Yeah, I understand they lost to Latvia in the qualification games in the playoffs, and only won two of their three group games (they lost to Sweden, as you might expect), but you have to keep in mind two things: 1) They did it with a Calgary Flame as one of their goalies, and 2) They only lost to Latvia because of all the performance-enhancing drugs.

Let’s put it another way: in terms of possession, only two teams were ahead of Switzerland in the percentage of shots for in the tournament. Those were Canada and Russia, and Russia was only playing so well offensively because they knew that letting the puck come into their own zone would mean certain doom. The Swiss were also effectively somewhat unlucky, thanks to a PDO of less than 100 (that 2.4 percent sh% will do it every time).
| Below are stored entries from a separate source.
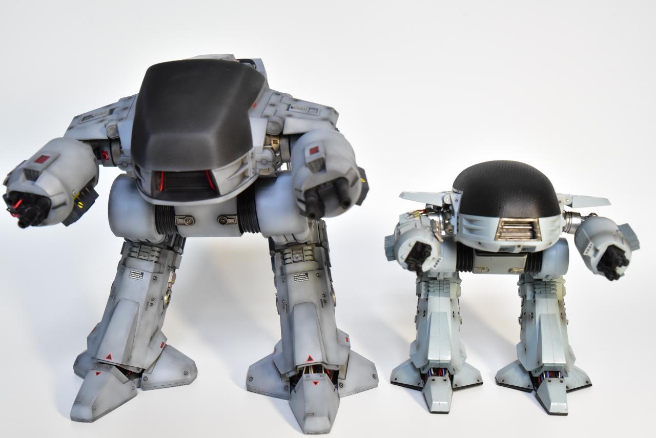 히야토이즈란 곳에서 발매된 1/18 ED-209 완제품과의 비교입니다. 너무나 허술한 디자인과 프로포션, 디테일 부족, 엉성한 도색 등 왠만하면 사지 마세요.^^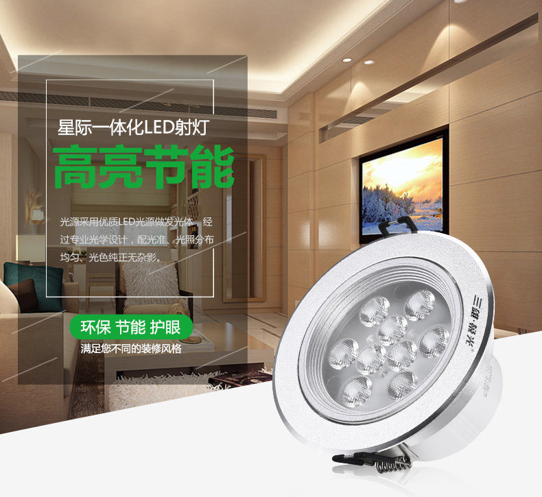 三雄极光星际LED天花射灯 一体化嵌入式客厅背景墙灯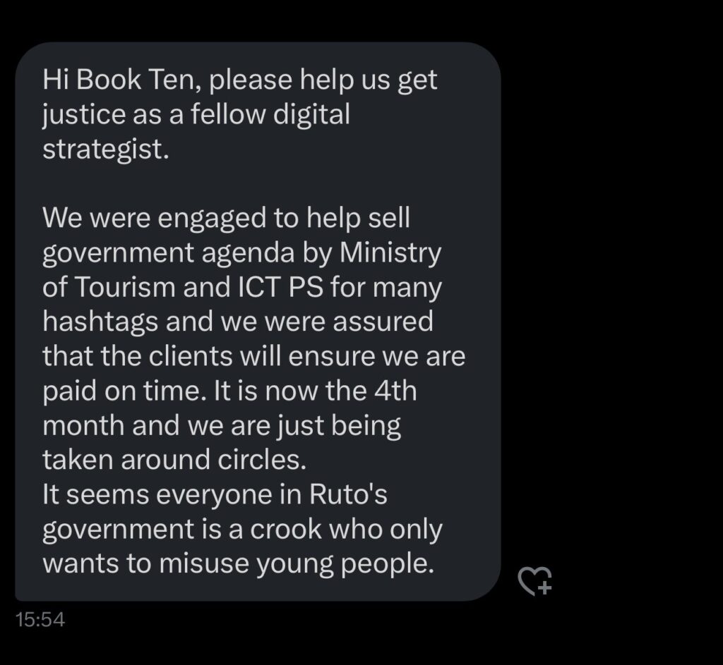 Several content creators who were engaged to market Kenya’s tourism and ICT projects say they completed their assignments but never received their promised compensation.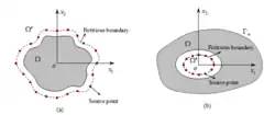 The methodology of the SBM was firstly proposed by Chen and his collaborators in 2009.[8][9] The basic idea is to introduce a concept of the origin intensity factor to isolate the singularity of the fundamental solutions so that the source points can be placed directly on the real boundary. In comparison, the method of fundamental solutions requires a fictitious boundary for placing the source points to avoid the singularity of fundamental solution. The SBM has since been successfully applied to a variety of physical problems, such as potential problems,[10][11] infinite domain problem,[12] Helmholtz problem,[13] and plane elasticity problem.[14]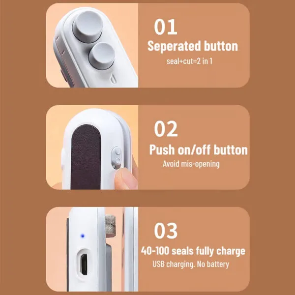 - USB Rechargeable: The built-in rechargeable battery is eco-friendly, and the sealer comes with a convenient USB charger.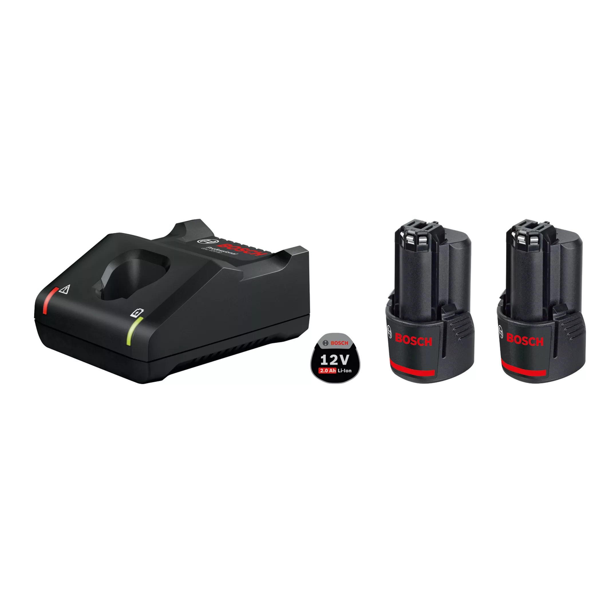 - Comes with Cardboard box, 2x battery GBA 12V 2.0Ah 1 600 Z00, 02X, Quick charger GAL 12V-40, Professional 1 600 A01 9R4
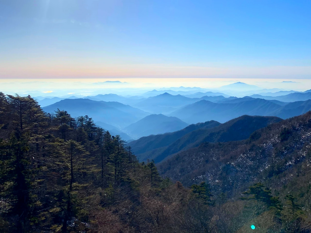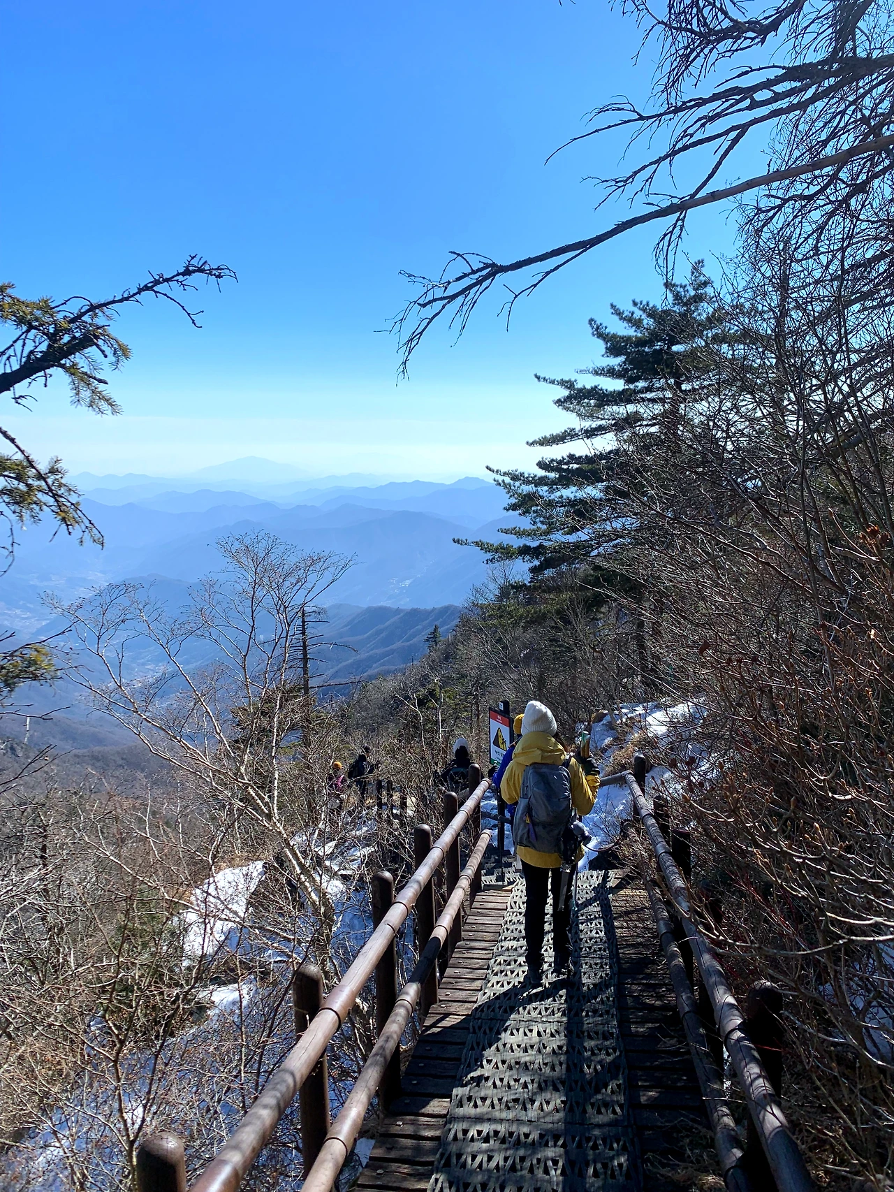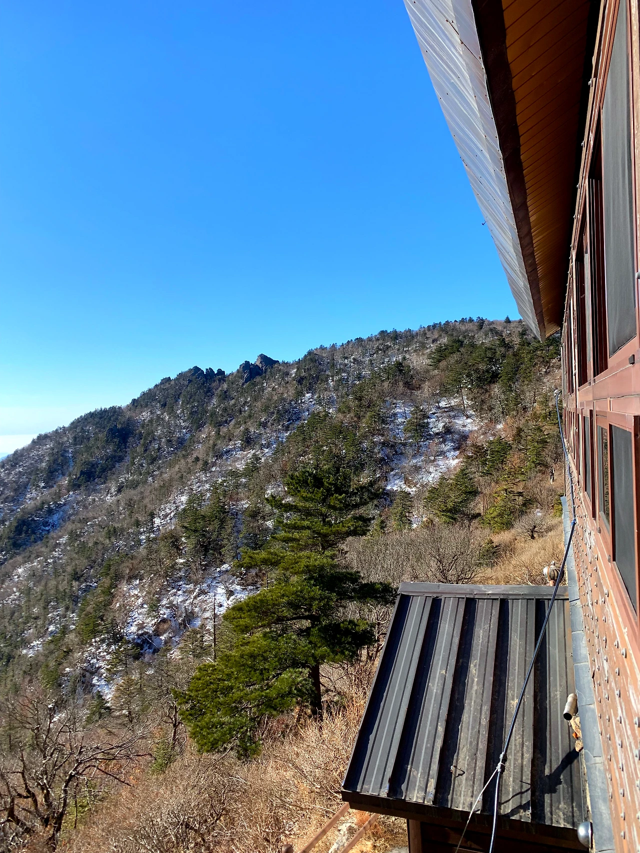 잘 정비된 돌계단에 최근 지어진 계단까지 더해져 정상까지 딱히 험한 구간은 없다. 다만 대피소 도착 30~40분 전에는 눈으로 뒤덮이거나 얼어있는 구간이 많아 결국 아이젠을 꺼내 착용했다. 아이젠만 착용하면 훨씬 안전할 텐데 가방에서 아이젠을 꺼내 꼈다 뺐다 하는 일이 왜 이리 번거로운지... 그래도 부상 없는 산행을 위해 조금의 번거로움을 참고 다 같이 꼈다. 이제 나올 때가 되지 않았나.. 싶을 때쯤 장터목 대피소가 보인다. 대피소 너머로 보이는 뷰가 참 좋았다. 대피소 내에서는 아이젠 착용이 금지되어 있어 아이젠을 빼며 뷰를 감상하고 들어갔다.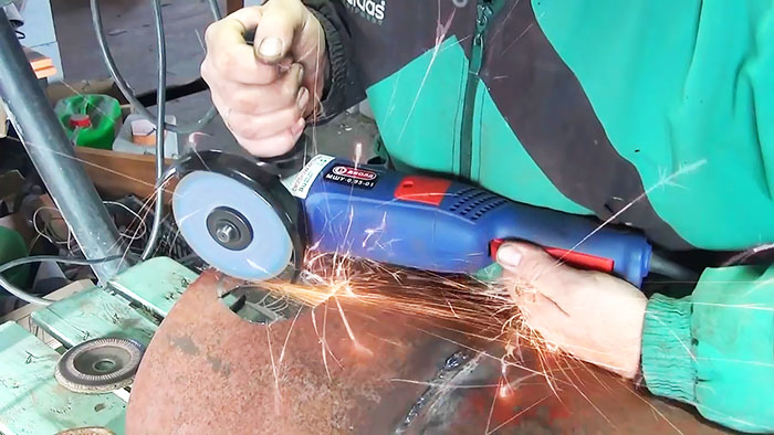 Теперь нужно удалить оставшуюся часть металла между контуром круглого отверстия и границей вырезанного в нем квадрата. Для этого болгаркой лишняя сталь распускается на сектора шириной в 1-1,5 см. Если металл толстый, то делая надрезы лучше соблюдать малый шаг.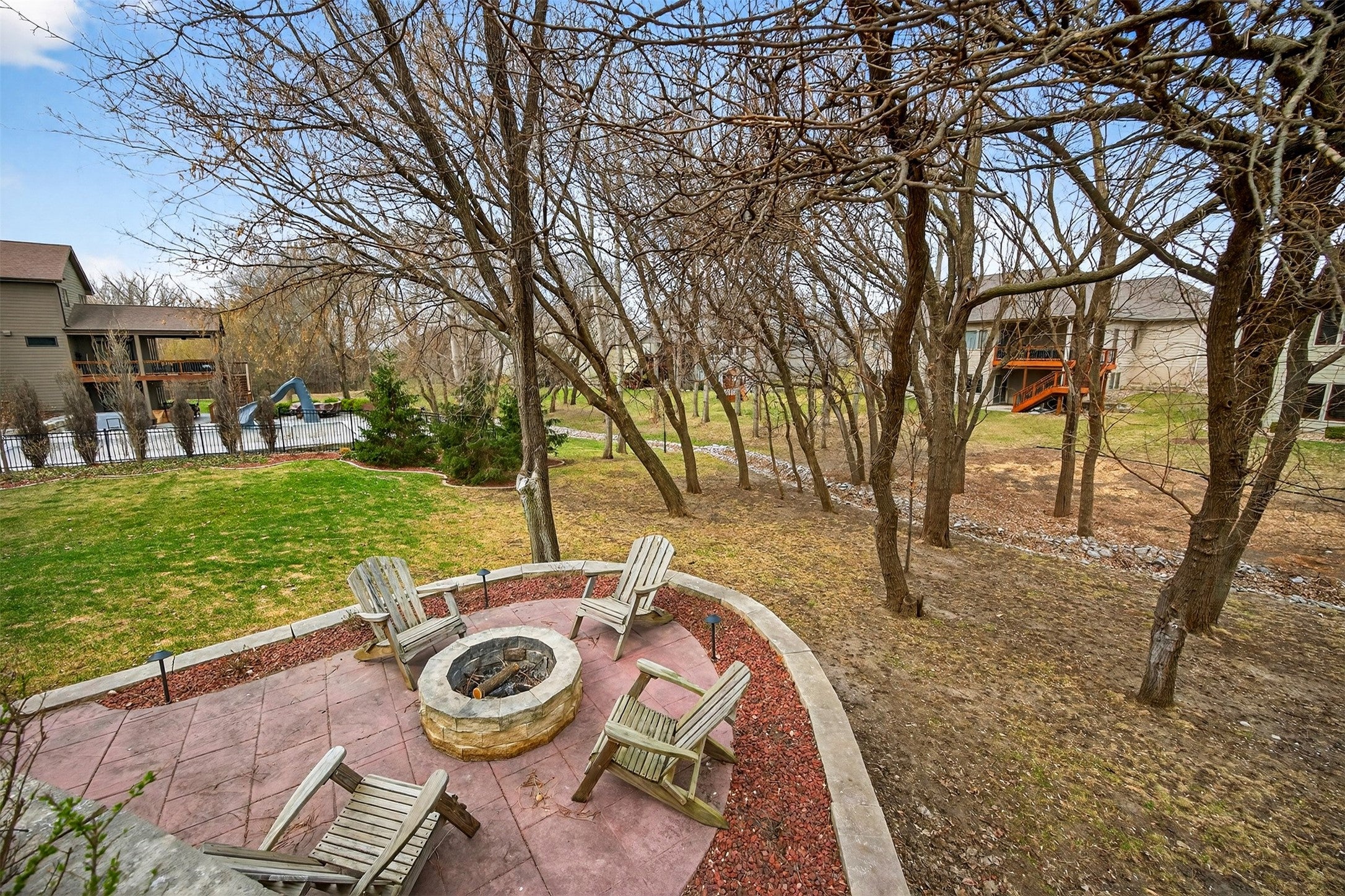Stunning custom builders ranch set on 1.5 lots backing to creek & mature trees. Designed for entertaining, the outdoor living space features wood-burning stone fireplace with gas line, firepit, multi-level stamped patio, & prof landscaping & plenty of space for a future pool.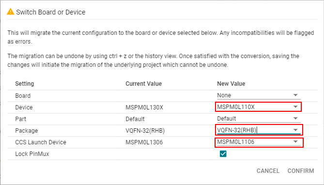 Select the New Values for the Device, Package, and CCS Launch Device to migrate the project configuration to, and then click CONFIRM.
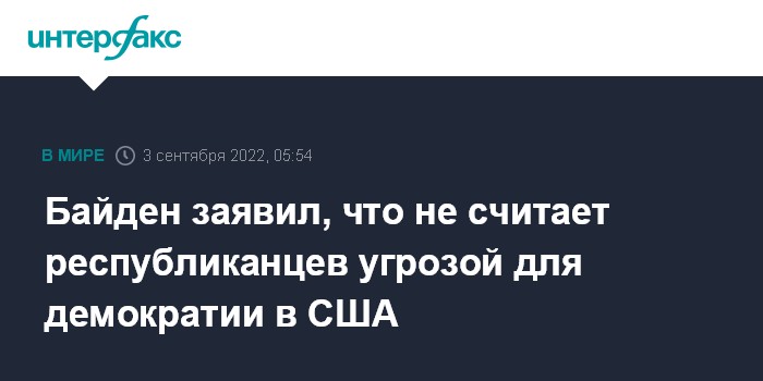 Москва. 3 сентября. INTERFAX.RU - Президент США Джо Байден на следующий день после того, как в своем обращении к нации назвал республиканцев-MAGA (сторонники бывшего президента Дональда Трампа, поддерживающих его лозунг: "Сделаем Америку снова великой!") опасностью для демократии, заявил, что не рассматривает их как угрозу для страны.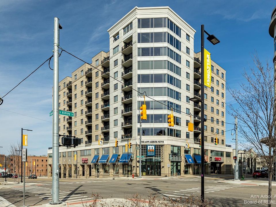 Welcome to your urban retreat in the heart of downtown Ann Arbor! This stunning one-bedroom condo features an updated and luxurious bathroom, a new furnace, a new garbage disposal and a new washer/dryer, ensuring that you'll enjoy both comfort and convenience in equal measure. In this spacious and beautifully appointed unit, you will find everything you to need to enjoy downtown living at its best. From the warm hardwood floors and the chef's kitchen, to the stylish and modern fixtures, no detail has been overlooked. A deeded parking space and storage locker are also included in the underground garage. Take in the breathtaking city views stretching all the way to the Big House from your living room and balcony. And with its prime location, you are within walking distance of the best shops shops, restaurants, and cafes Ann Arbor has to offer, this is the perfect place to call home for those who love the excitement and energy of city living. Don't miss your chance to experience it for yourself - schedule a showing today! HOA at Ashley Terrace includes heat, water, bldg mainentance with an on site, fantastic, building superintendent, snow removal, trash and recycling.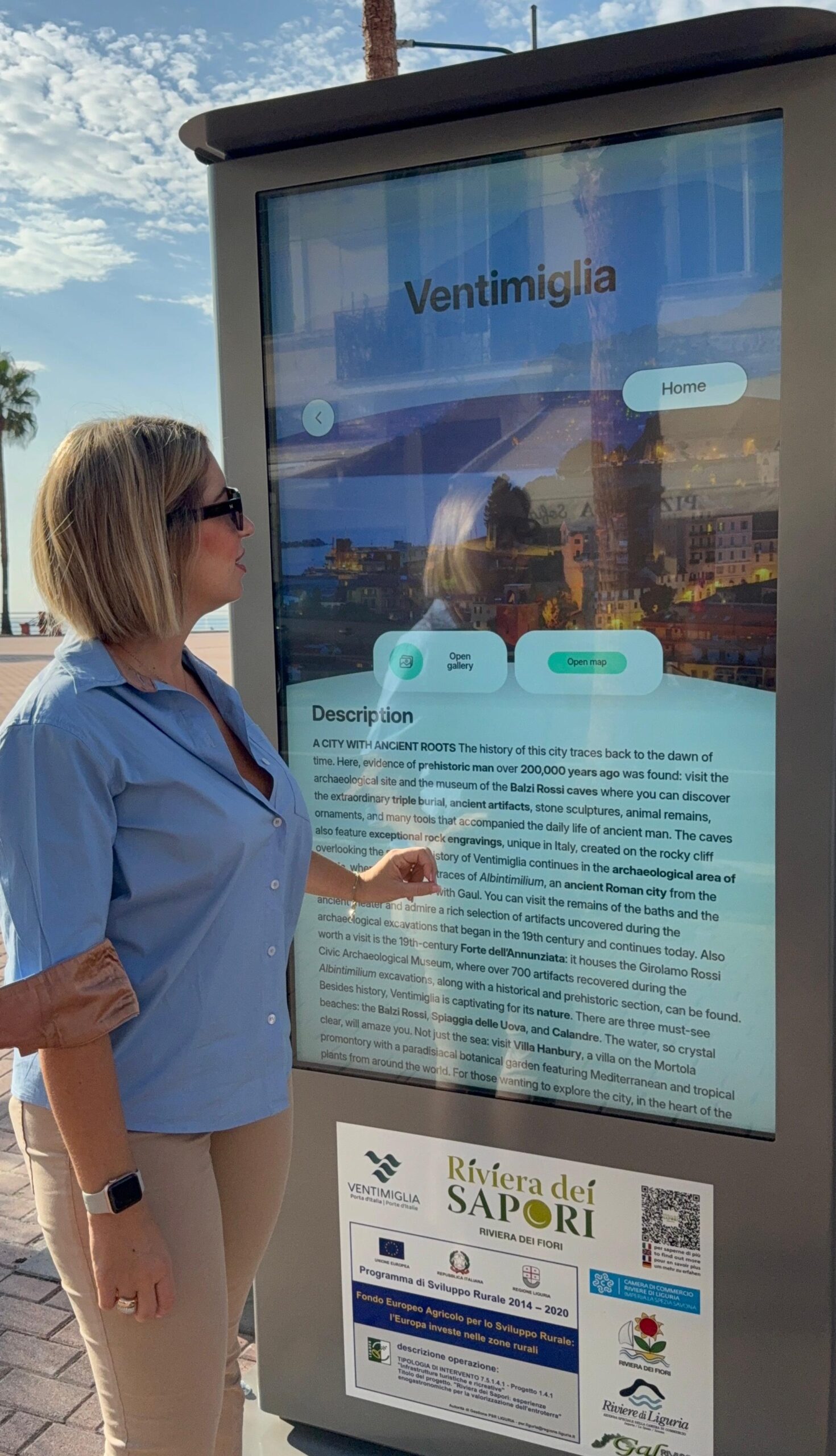 “Ringrazio la DMO Riviera dei Fiori, di cui ho l’onore di essere Vicepresidente, per aver scelto Ventimiglia, insieme a Imperia e Sanremo, come una delle destinazioni per l’installazione del nuovo Totem interattivo – dichiara l’assessore al Turismo, Serena Calcopietro. – Uno strumento innovativo che consentirà a cittadini e turisti di conoscere in modo semplice, immediato e digitale le bellezze, le eccellenze e le specialità del nostro territorio. Questo progetto rientra in un più ampio piano di comunicazione turistica digitale, volto a semplificare l’accesso alle informazioni e a rafforzare la vicinanza delle istituzioni alle persone”.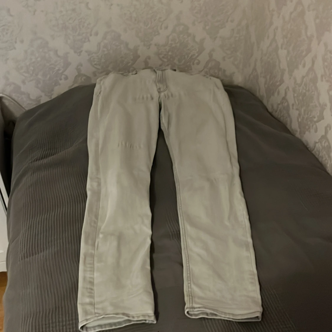 Snygga grå jeansbyxor med en klassisk design. De har en rak passform och är perfekta för en avslappnad stil. Byxorna har fickor både fram och bak, vilket ger en praktisk touch.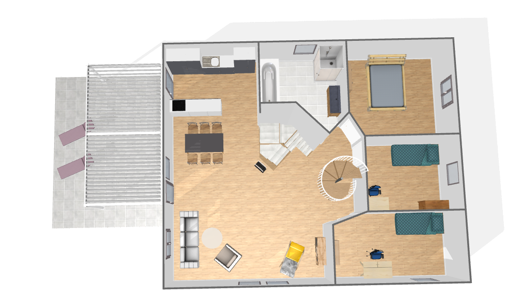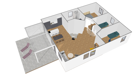 - terrasse env. 25m2 avec pergola bioclimatique à lamelles orientables et stores latéraux intégrés

The only thing really holding the tiny, neutral, clockmaking Swiss back from being a truly dominant hockey power is a good forward or three or six. The only guy on their roster who had a point that I’d even heard of was Martin Pluss. They scored three goals in the entire tournament for that reason. If they want to start getting a few more high-quality projects like Nino Niederreiter pushed through the development system before Pyongchang, that’d do ‘em a world of good. And if they want to kidnap Jonathan Toews and Steven Stamkos, and brainwash them into thinking his name is Simon and Martin Brunstein, and the sons of a well-known chocolatier, well then I’m not going to complain about that either.